Records from a data collection:
▶
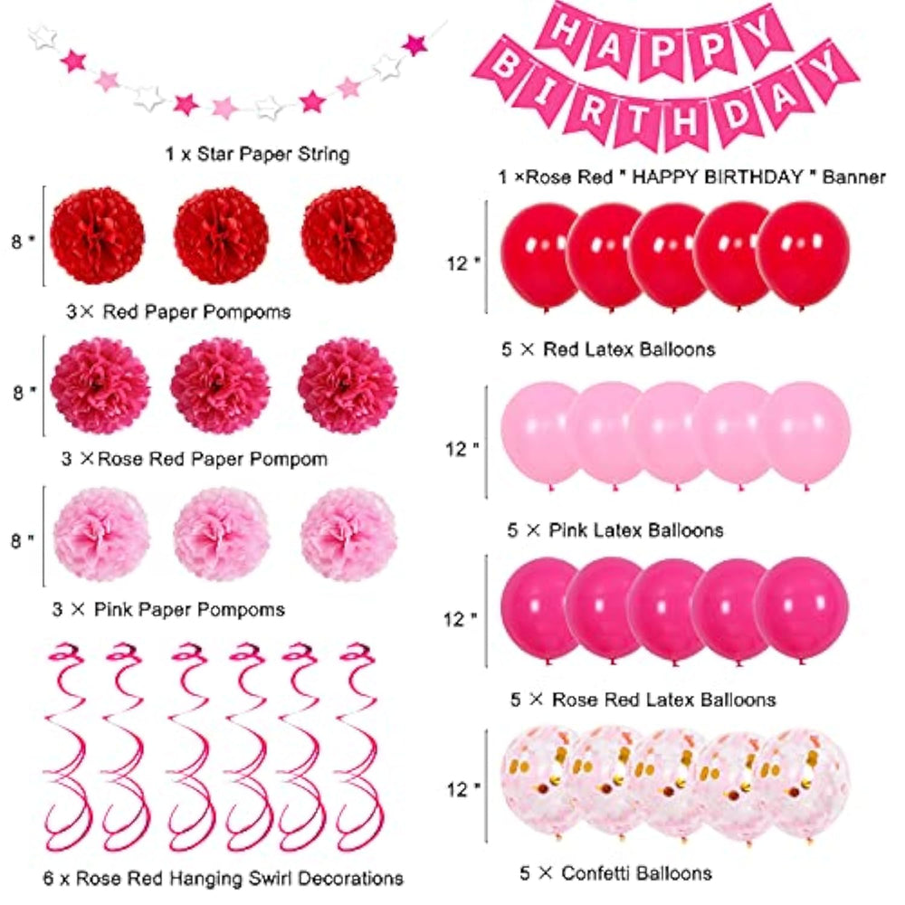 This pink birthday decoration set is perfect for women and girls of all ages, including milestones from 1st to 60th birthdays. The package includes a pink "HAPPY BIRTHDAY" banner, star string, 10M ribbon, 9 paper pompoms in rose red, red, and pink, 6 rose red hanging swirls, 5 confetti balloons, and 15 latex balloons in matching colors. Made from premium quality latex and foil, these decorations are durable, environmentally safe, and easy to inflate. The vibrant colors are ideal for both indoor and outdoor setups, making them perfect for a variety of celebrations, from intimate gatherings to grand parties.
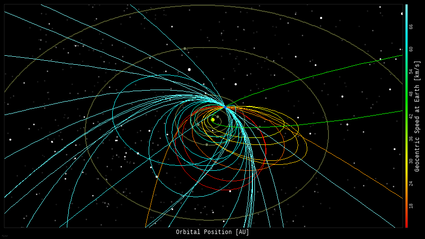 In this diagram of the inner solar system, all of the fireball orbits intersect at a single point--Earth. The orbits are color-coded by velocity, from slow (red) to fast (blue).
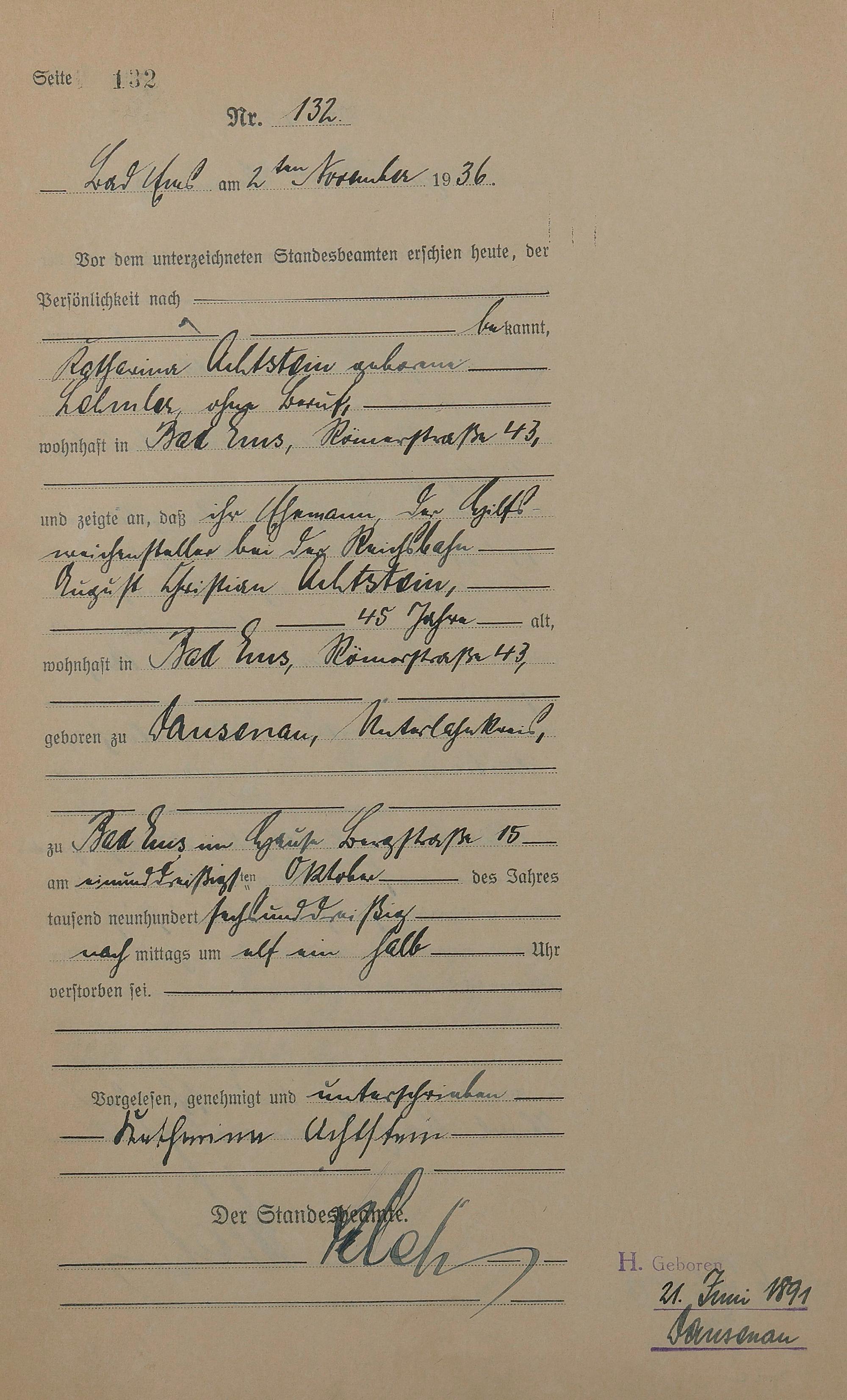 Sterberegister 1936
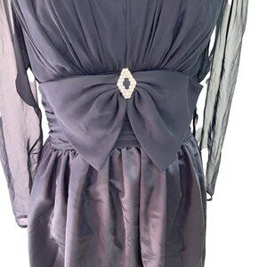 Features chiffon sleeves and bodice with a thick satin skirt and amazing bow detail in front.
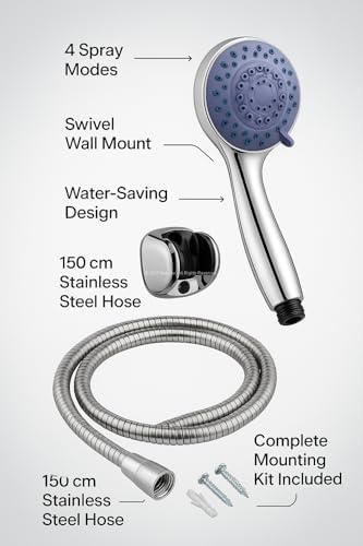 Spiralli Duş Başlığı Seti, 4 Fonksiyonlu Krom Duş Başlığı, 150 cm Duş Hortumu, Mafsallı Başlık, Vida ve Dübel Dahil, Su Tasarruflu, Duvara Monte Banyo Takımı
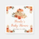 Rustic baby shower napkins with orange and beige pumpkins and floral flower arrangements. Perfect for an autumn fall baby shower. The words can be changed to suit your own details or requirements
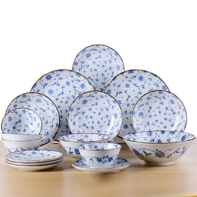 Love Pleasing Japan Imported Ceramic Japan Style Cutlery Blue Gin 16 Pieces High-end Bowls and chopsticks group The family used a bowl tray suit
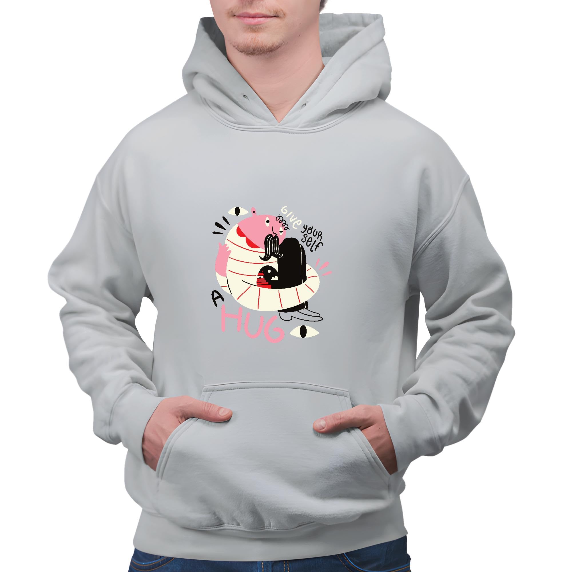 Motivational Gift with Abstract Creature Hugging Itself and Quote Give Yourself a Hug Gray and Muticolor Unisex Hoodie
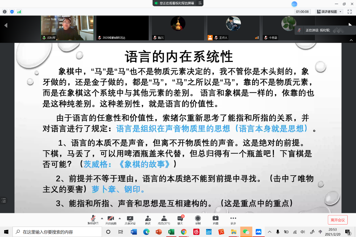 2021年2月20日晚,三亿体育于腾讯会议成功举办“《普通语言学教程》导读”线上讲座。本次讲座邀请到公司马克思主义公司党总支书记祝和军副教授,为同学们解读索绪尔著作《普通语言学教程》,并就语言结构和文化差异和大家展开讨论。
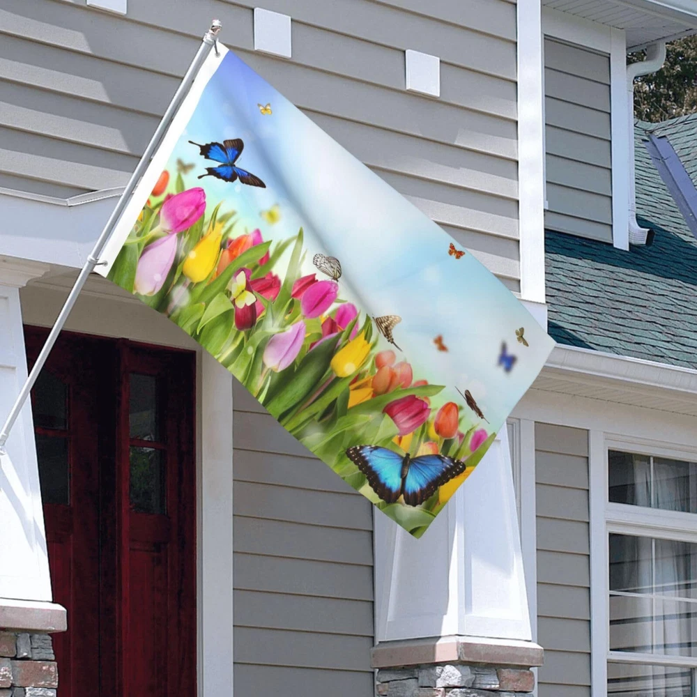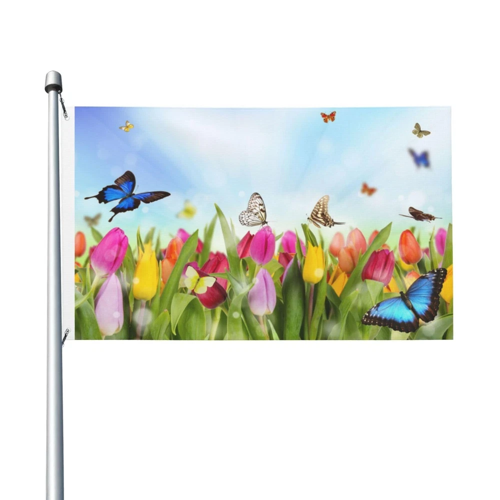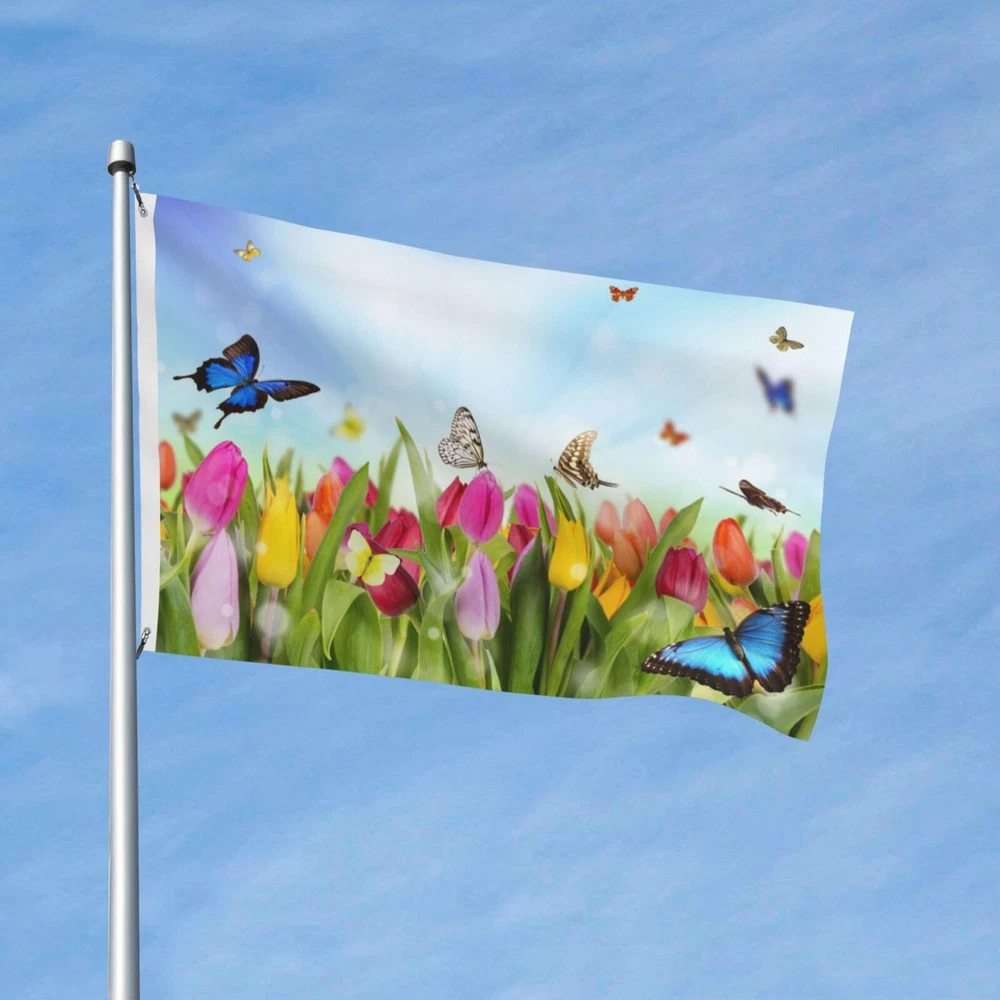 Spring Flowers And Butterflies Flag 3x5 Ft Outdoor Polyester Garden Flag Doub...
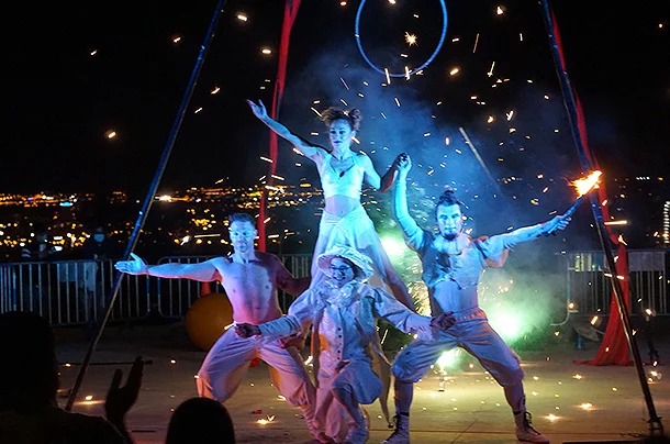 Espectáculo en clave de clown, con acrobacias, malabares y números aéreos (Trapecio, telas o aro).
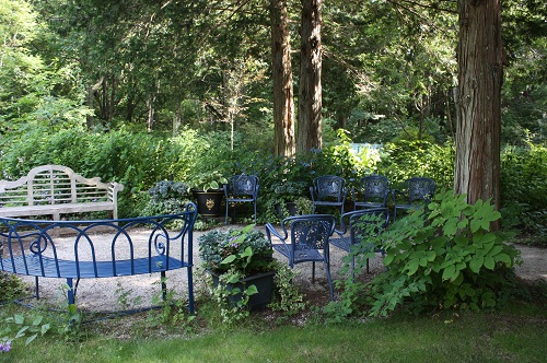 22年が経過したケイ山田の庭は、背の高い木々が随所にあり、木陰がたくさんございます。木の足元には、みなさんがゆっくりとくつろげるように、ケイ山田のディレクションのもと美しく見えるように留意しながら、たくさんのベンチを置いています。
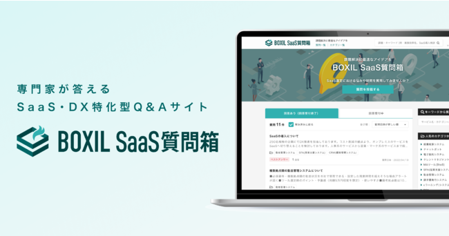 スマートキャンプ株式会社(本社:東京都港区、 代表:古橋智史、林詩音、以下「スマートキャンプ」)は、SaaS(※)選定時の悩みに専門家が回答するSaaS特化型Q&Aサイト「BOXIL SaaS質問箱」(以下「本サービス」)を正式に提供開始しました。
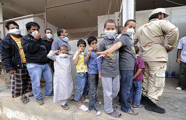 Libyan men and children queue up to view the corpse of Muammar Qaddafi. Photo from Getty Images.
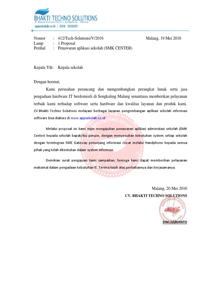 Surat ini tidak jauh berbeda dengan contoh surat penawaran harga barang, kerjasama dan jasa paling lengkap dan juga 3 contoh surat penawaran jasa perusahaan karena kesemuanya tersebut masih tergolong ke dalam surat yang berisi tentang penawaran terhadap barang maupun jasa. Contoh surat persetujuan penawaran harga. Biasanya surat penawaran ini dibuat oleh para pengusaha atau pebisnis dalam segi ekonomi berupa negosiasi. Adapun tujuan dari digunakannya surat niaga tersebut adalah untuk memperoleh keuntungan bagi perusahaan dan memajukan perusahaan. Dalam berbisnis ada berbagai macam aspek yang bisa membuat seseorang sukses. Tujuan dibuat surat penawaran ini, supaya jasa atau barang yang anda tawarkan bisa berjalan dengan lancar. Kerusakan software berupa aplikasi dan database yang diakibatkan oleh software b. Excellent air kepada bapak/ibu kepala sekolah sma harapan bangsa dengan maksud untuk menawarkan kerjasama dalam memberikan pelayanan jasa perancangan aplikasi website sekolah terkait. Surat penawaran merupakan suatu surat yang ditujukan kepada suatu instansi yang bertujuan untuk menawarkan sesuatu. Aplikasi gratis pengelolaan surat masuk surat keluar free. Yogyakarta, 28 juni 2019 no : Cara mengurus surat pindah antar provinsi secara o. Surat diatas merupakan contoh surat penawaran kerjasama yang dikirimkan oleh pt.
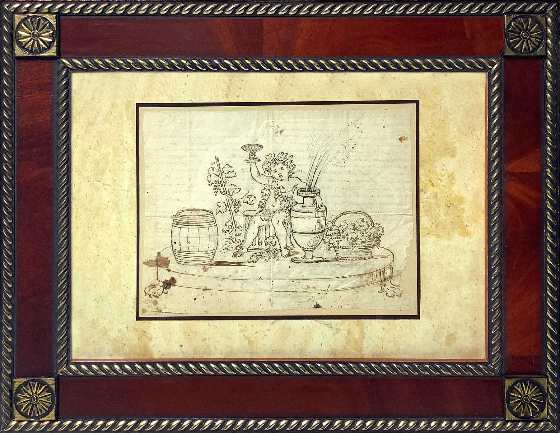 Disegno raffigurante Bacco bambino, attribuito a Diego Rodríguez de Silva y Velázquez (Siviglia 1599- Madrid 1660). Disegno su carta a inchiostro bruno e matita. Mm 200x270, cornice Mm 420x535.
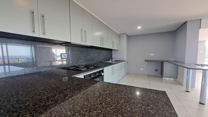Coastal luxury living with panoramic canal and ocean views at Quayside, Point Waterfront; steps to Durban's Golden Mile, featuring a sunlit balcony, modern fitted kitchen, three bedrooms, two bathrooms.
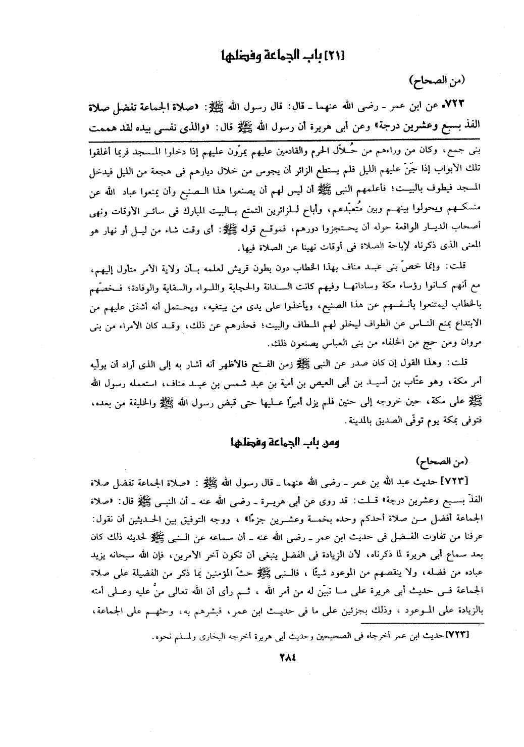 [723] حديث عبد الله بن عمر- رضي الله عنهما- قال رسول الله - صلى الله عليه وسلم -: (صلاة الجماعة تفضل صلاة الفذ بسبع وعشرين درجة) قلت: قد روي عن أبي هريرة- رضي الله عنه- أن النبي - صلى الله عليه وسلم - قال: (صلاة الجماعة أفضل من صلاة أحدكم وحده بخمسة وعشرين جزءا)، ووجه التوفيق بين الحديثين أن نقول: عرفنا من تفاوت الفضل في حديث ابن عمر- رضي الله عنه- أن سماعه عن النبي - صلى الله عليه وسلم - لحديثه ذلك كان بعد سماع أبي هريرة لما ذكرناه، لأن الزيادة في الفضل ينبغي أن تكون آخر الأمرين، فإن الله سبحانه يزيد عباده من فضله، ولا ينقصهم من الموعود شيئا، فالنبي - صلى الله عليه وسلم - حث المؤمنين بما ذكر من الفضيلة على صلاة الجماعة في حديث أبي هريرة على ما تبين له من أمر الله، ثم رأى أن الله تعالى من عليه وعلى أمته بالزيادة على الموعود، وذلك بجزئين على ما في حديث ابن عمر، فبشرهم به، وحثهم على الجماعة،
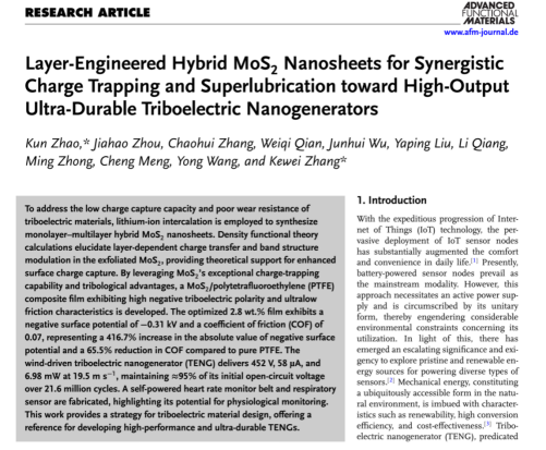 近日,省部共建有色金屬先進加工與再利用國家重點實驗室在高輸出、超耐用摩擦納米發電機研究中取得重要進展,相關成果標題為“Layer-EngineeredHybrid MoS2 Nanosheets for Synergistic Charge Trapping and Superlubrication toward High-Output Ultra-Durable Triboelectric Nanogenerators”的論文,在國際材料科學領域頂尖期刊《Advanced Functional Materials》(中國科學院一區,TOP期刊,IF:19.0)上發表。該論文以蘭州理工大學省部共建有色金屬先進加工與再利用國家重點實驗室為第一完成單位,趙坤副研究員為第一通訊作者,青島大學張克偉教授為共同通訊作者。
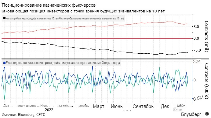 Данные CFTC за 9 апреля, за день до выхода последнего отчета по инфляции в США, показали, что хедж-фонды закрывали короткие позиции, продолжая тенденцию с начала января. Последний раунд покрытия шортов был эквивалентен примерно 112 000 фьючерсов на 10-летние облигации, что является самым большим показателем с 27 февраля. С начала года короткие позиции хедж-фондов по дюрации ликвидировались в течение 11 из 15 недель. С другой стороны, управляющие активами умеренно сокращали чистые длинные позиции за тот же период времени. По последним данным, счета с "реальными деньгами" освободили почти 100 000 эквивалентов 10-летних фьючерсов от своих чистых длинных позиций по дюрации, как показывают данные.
◀
> [What is being asked]:
Take the line that holds "Disegno raffigurante Bacco" as the start and the last line of the data as the end. Copy only those lines exactly, both ends included, except the pictures.

> [Reply to the exercise]:
 Disegno raffigurante Bacco bambino, attribuito a Diego Rodríguez de Silva y Velázquez (Siviglia 1599- Madrid 1660). Disegno su carta a inchiostro bruno e matita. Mm 200x270, cornice Mm 420x535.
Coastal luxury living with panoramic canal and ocean views at Quayside, Point Waterfront; steps to Durban's Golden Mile, featuring a sunlit balcony, modern fitted kitchen, three bedrooms, two bathrooms.
 [723] حديث عبد الله بن عمر- رضي الله عنهما- قال رسول الله - صلى الله عليه وسلم -: (صلاة الجماعة تفضل صلاة الفذ بسبع وعشرين درجة) قلت: قد روي عن أبي هريرة- رضي الله عنه- أن النبي - صلى الله عليه وسلم - قال: (صلاة الجماعة أفضل من صلاة أحدكم وحده بخمسة وعشرين جزءا)، ووجه التوفيق بين الحديثين أن نقول: عرفنا من تفاوت الفضل في حديث ابن عمر- رضي الله عنه- أن سماعه عن النبي - صلى الله عليه وسلم - لحديثه ذلك كان بعد سماع أبي هريرة لما ذكرناه، لأن الزيادة في الفضل ينبغي أن تكون آخر الأمرين، فإن الله سبحانه يزيد عباده من فضله، ولا ينقصهم من الموعود شيئا، فالنبي - صلى الله عليه وسلم - حث المؤمنين بما ذكر من الفضيلة على صلاة الجماعة في حديث أبي هريرة على ما تبين له من أمر الله، ثم رأى أن الله تعالى من عليه وعلى أمته بالزيادة على الموعود، وذلك بجزئين على ما في حديث ابن عمر، فبشرهم به، وحثهم على الجماعة،
 近日,省部共建有色金屬先進加工與再利用國家重點實驗室在高輸出、超耐用摩擦納米發電機研究中取得重要進展,相關成果標題為“Layer-EngineeredHybrid MoS2 Nanosheets for Synergistic Charge Trapping and Superlubrication toward High-Output Ultra-Durable Triboelectric Nanogenerators”的論文,在國際材料科學領域頂尖期刊《Advanced Functional Materials》(中國科學院一區,TOP期刊,IF:19.0)上發表。該論文以蘭州理工大學省部共建有色金屬先進加工與再利用國家重點實驗室為第一完成單位,趙坤副研究員為第一通訊作者,青島大學張克偉教授為共同通訊作者。
 Данные CFTC за 9 апреля, за день до выхода последнего отчета по инфляции в США, показали, что хедж-фонды закрывали короткие позиции, продолжая тенденцию с начала января. Последний раунд покрытия шортов был эквивалентен примерно 112 000 фьючерсов на 10-летние облигации, что является самым большим показателем с 27 февраля. С начала года короткие позиции хедж-фондов по дюрации ликвидировались в течение 11 из 15 недель. С другой стороны, управляющие активами умеренно сокращали чистые длинные позиции за тот же период времени. По последним данным, счета с "реальными деньгами" освободили почти 100 000 эквивалентов 10-летних фьючерсов от своих чистых длинных позиций по дюрации, как показывают данные.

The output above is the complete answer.